It has been suggested that understanding our obligations to address large-scale moral problems such as global poverty and the threat of severe climate change as fundamentally collective can allow us to insist that a great deal must be done about these problems while denying that there are very demanding obligations, applying to either individuals or collectives, to contribute to addressing them. I argue that this strategy for limiting demandingness fails because those who endorse collective obligations to address large-scale moral problems have no grounds for denying that the relevant collectives are obligated to do what is impartially best. Specifically, I argue that appeals to the claim that collective obligations to do what is impartially best would be objectionably demanding cannot succeed, for two reasons.

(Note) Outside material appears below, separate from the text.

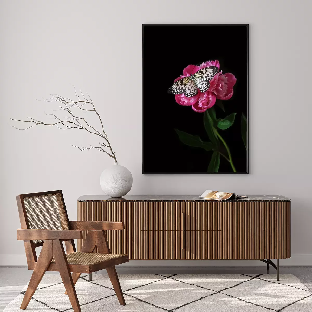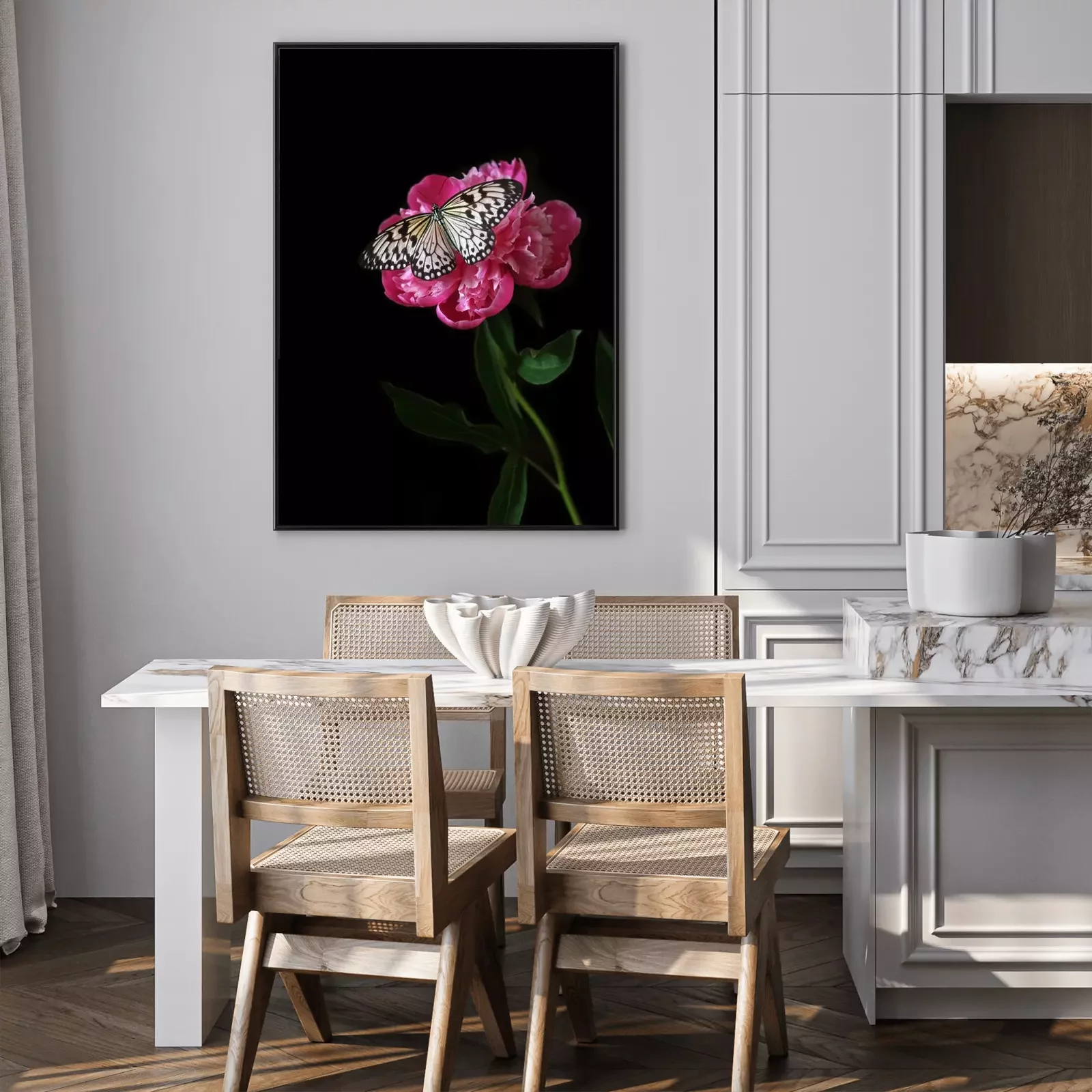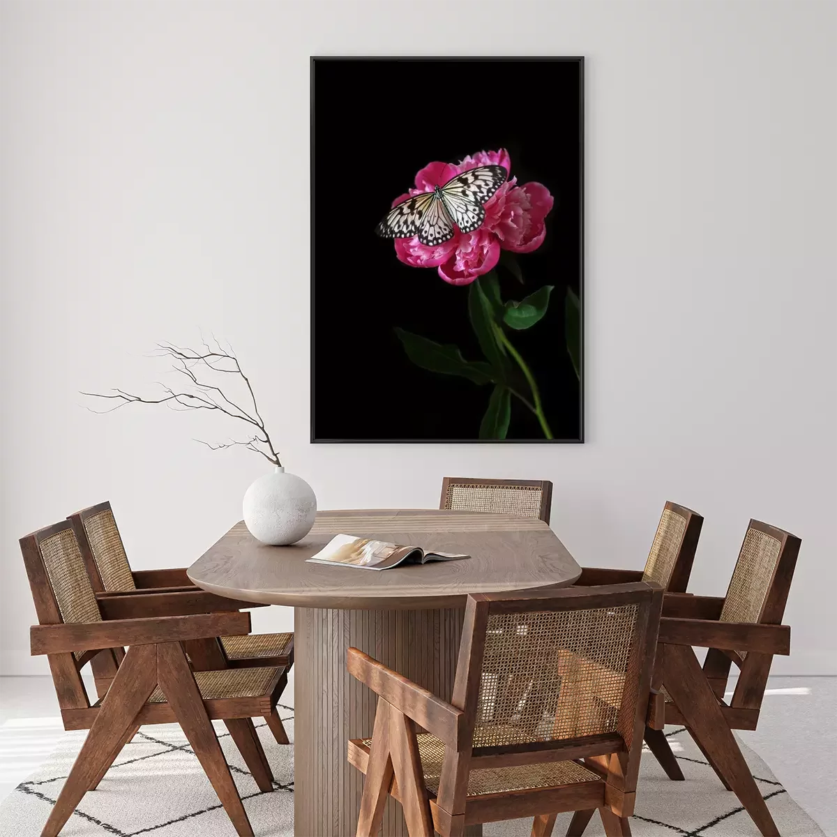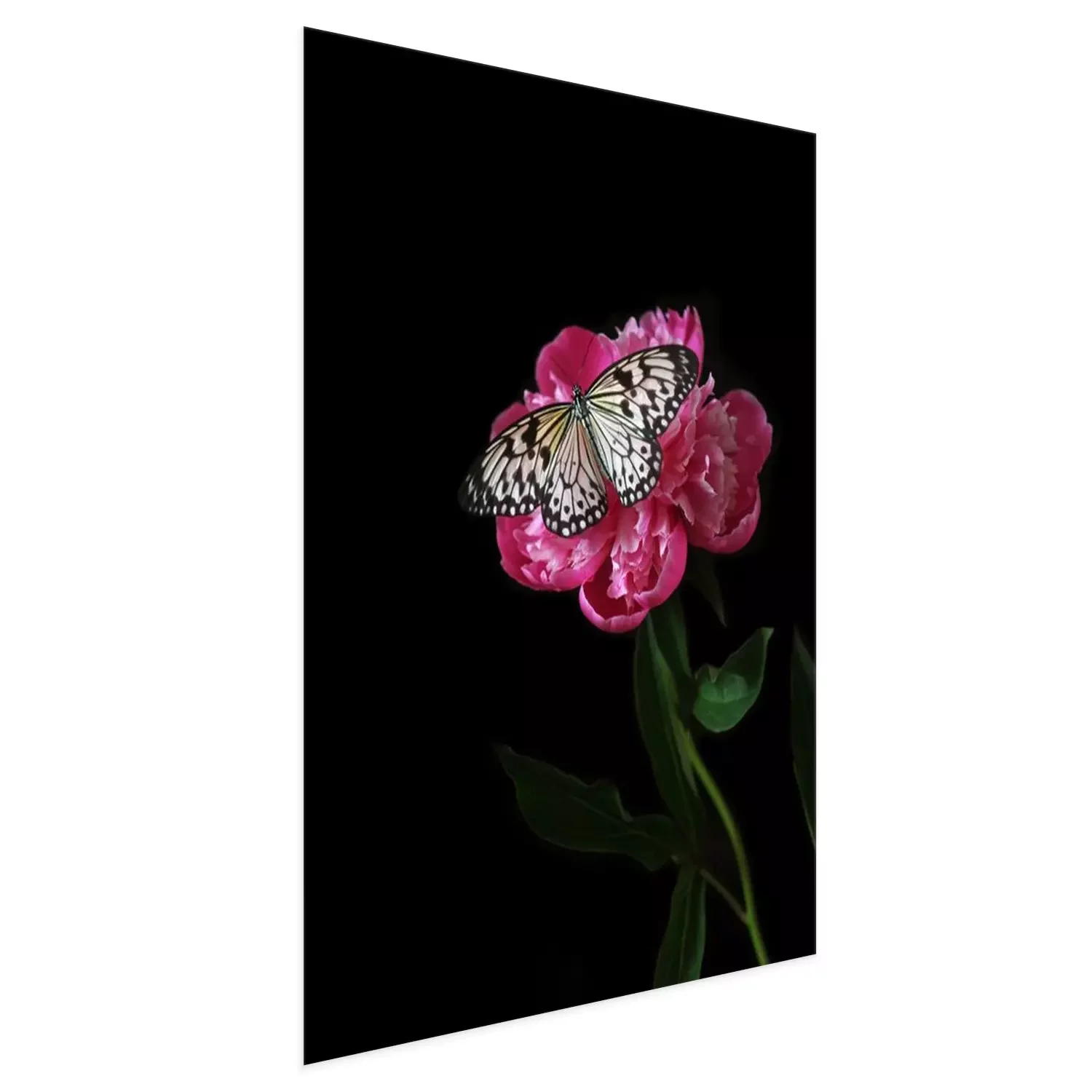 Poster: Vlinder aan een roze bloem

The first is that demandingness complaints cannot be aggregated across the individual members of a collective. And the second is that demandingness complaints cannot plausibly be asserted on behalf of collectives themselves. I conclude by suggesting some reasons to think that collective obligations to address large-scale problems will tend to imply demanding individual obligations.

Acknowledgements

I am grateful to audiences at the Collectivity Conference at the University of Bristol, the 2015 Pacific Division Meeting of the American Philosophical Association, the 2017 Rocky Mountain Ethics Congress, the Individual and Collective Duties to Rescue Workshop at the Institute for Future Studies in Stockholm, and the Demandingness in Practice Workshop at the University of Münster. Patrick Fleming provided helpful comments at the Pacific APA meeting, as did Sara Ghaffari at the Rocky Mountain Ethics Congress. Amy Sepinwall provided helpful written comments. I have also benefitted from discussions with Rachelle Bascara, Jelena Belic, Amy Berg, Megan Blomfeld, Joe Bowen, Vince Buccola, Mark Budolfson, Stephanie Collins, Peter Conti-Brown, Simon Derpmann, Helen Frowe, Gwen Gordon, Anna Hartford, Rob Hughes, Matthew Kramer, Holly Lawford-Smith, Alex Levitov, Hallie Liberto, Sarah Light, Kian Mintz-Woo, Véronique Munoz-Dardé, Kieran Oberman, Ingmar Persson, Julie Rose, Liam Shields, Patrick Taylor Smith, Susanne Uusitalo, Marcel van Ackeren, and David Zaring.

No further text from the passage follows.